■ Exercise goal ■
Please find all lines containing "blue" in the listing below and copy them.

■ Source data ■
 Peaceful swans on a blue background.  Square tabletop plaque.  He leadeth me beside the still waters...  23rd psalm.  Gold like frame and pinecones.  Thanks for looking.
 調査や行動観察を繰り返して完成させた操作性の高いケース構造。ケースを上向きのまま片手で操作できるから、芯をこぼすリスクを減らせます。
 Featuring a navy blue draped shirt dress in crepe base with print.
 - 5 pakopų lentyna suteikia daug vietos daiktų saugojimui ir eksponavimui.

==

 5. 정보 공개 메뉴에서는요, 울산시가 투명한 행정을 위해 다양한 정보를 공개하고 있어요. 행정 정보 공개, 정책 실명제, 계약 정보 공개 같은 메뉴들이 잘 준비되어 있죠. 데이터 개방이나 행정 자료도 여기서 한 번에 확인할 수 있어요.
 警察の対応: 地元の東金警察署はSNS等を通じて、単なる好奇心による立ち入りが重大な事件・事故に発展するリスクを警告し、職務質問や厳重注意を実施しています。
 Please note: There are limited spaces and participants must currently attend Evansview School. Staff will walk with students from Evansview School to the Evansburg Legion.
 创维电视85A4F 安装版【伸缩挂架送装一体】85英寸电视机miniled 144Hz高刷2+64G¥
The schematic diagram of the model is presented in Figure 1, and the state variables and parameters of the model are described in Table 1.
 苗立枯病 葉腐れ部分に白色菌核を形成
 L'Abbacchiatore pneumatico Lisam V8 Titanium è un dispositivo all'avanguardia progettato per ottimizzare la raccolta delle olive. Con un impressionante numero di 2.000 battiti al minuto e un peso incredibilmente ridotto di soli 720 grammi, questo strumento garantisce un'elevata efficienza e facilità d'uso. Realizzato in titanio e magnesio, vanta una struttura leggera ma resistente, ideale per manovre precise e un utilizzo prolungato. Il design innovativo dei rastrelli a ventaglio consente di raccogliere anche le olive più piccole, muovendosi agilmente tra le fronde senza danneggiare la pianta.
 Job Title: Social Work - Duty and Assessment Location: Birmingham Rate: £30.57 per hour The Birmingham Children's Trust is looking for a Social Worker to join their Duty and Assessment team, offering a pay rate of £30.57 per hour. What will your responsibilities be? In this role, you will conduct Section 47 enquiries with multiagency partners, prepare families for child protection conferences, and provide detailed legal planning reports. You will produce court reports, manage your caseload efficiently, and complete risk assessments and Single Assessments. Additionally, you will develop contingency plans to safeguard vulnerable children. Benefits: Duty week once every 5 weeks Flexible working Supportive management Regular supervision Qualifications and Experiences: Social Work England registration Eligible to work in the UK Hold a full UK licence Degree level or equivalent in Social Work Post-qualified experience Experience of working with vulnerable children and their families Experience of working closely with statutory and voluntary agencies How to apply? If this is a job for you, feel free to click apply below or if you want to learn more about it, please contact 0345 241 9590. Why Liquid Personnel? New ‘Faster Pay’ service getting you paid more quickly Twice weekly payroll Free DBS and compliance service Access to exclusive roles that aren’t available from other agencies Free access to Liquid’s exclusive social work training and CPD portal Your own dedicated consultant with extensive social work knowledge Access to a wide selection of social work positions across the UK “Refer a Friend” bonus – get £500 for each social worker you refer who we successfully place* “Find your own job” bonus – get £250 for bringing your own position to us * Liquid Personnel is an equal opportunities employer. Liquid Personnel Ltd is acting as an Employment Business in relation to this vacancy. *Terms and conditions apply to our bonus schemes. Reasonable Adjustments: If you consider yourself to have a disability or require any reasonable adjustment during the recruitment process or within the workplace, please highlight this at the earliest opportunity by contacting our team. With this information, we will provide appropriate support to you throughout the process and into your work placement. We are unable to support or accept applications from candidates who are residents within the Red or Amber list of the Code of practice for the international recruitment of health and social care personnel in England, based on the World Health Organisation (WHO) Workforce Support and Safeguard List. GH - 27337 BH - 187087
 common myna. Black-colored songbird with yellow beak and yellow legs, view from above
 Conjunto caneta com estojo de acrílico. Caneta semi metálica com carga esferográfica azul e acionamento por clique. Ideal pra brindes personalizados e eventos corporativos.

* * *

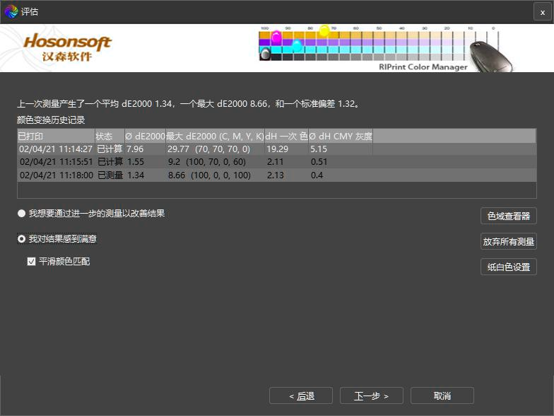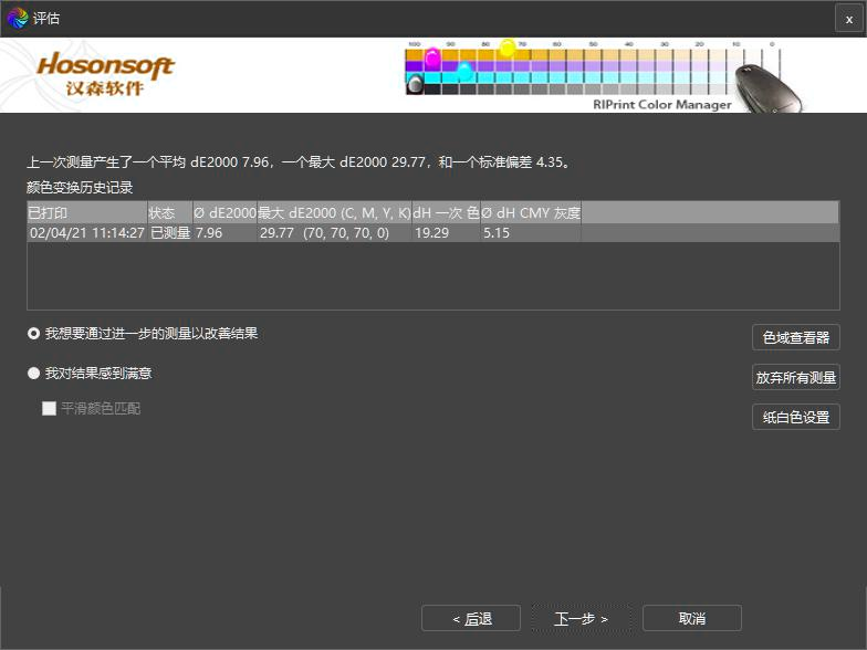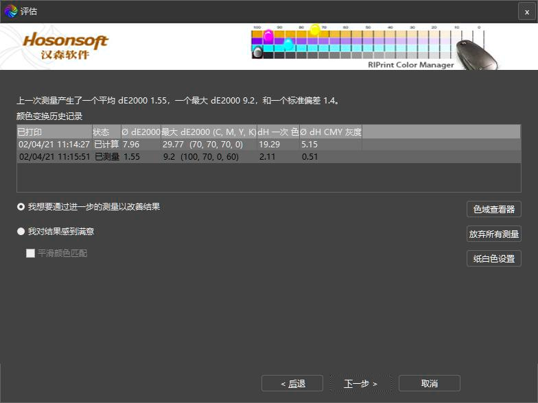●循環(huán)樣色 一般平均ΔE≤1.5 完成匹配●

■ Solution for this exercise ■
 Peaceful swans on a blue background.  Square tabletop plaque.  He leadeth me beside the still waters...  23rd psalm.  Gold like frame and pinecones.  Thanks for looking.
 Featuring a navy blue draped shirt dress in crepe base with print.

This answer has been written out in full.